At no point in time was any Indian in doubt as to Ajmal Kasab’s culpability, or questioned the findings, judgment and sentence. As befitting a responsible Republic governed by a model Constitution, Ajmal Kasab was convicted and sentenced, and the sentence was executed after due judicial process, which afforded him the right of appeal up to Supreme Court and further pleading for mercy from the President of India.
Notwithstanding, at the trial stage, the Bombay Metropolitan Magistrate Court's Bar Association unanimously passed a resolution that none of its more than 1,000 members would defend Ajmal Kasab or any of the accused of the terror attacks. [Press Trust of India (6 December 2008) “Lawyers refuse to take up arrested terrorist’s case”; Rediff.com; Retrieved 25 November 2012].
Further, reportedly, a political party threatened lawyers against representing Ajmal Kasab, and when lawyer Ashok Sarogi hinted that he would be willing to represent Kasab, members of that political party protested outside his home and pelted it with stones, forcing him to retract. [“Sena forces lawyer to back out of Kasab case”. Retrieved 17 August 2013, & “Ajmal Amir Kasab should get lawyer for “fair trial”, says Chief Justice of India”, Archived 29 December 2013, Zeenews.india.com, Retrieved 17 August 2013].

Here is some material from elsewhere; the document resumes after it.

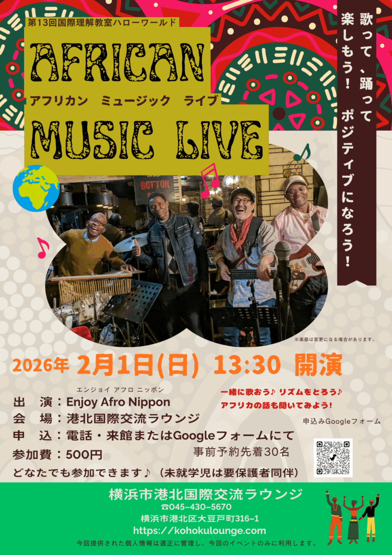 简体中文多国籍乐队”Enjoy Afro Nippon”将来港北国际交流处举办现场演奏会♪
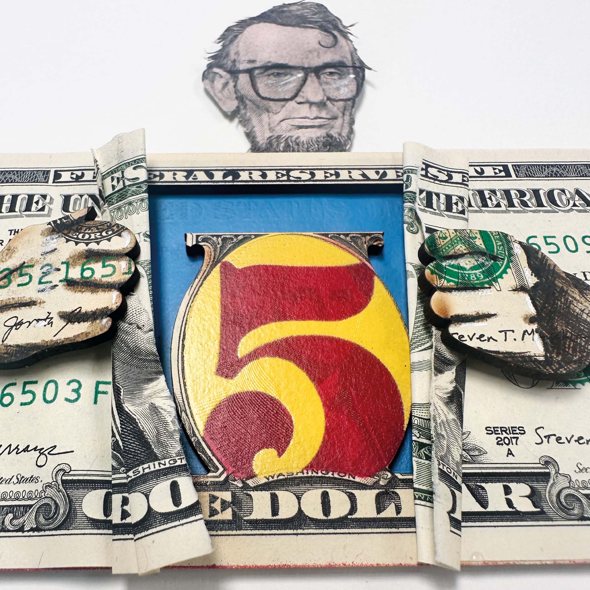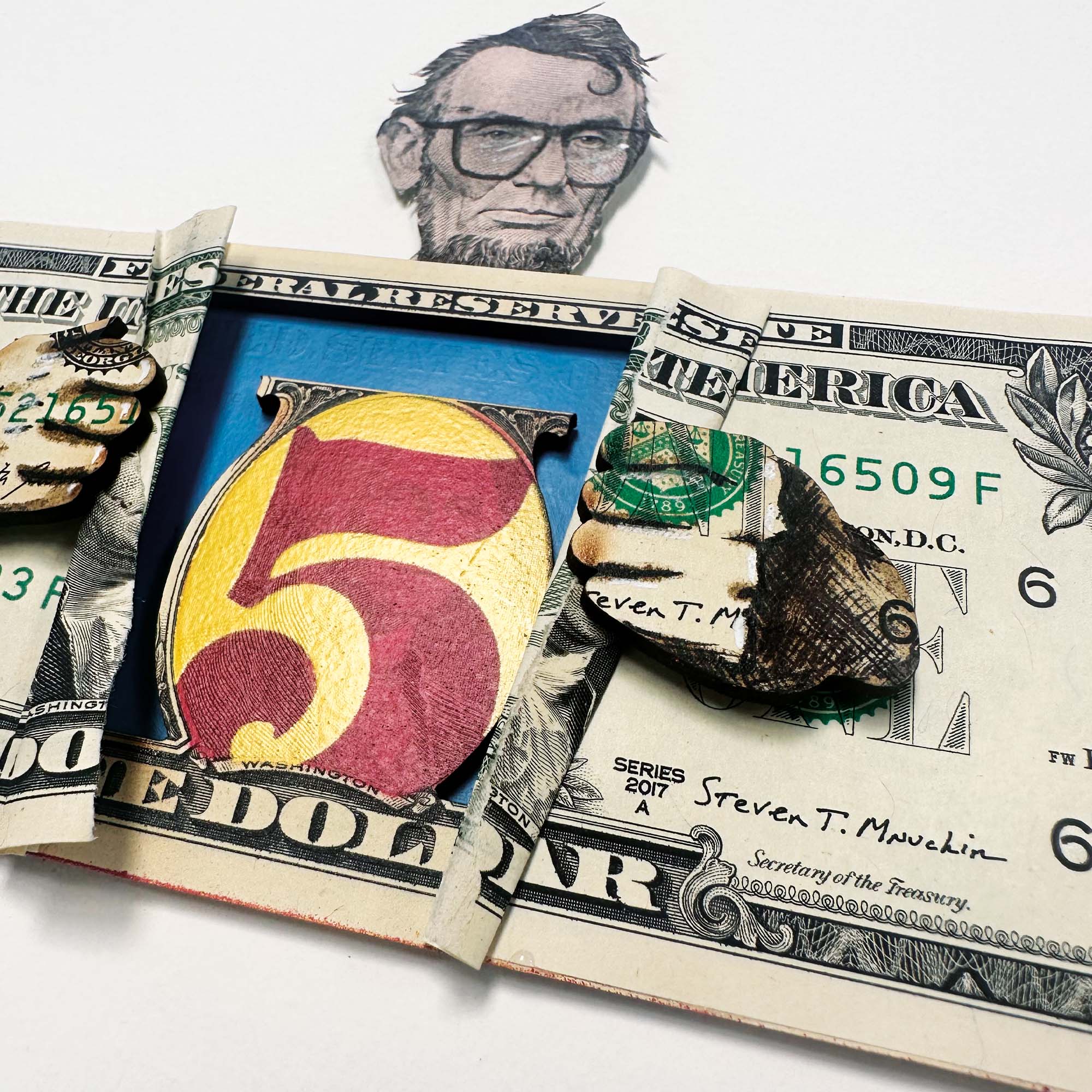 Superman inspired piece made with $1 and $5 dollar notes. Our hero rips open the note to reveal the number 5. Hand drawn with spray can and cut pieces .

In December 2008, then CJI K.G.Balakrishnan reportedly said that for a fair trial, Kasab needed a lawyer. [https://en.wikipedia.org/wiki/Ajmal_Kasab]. On 1 April 2009, Senior Advocate Anjali Waghmare courageously agreed to represent Ajmal Kasab, despite threats and attack on her home by the same political party. Thus was due judicial process followed in such a heinous crime, as expected of any civilized country, but not before none less than the CJI declared that the accused needed to be represented in Court by a lawyer.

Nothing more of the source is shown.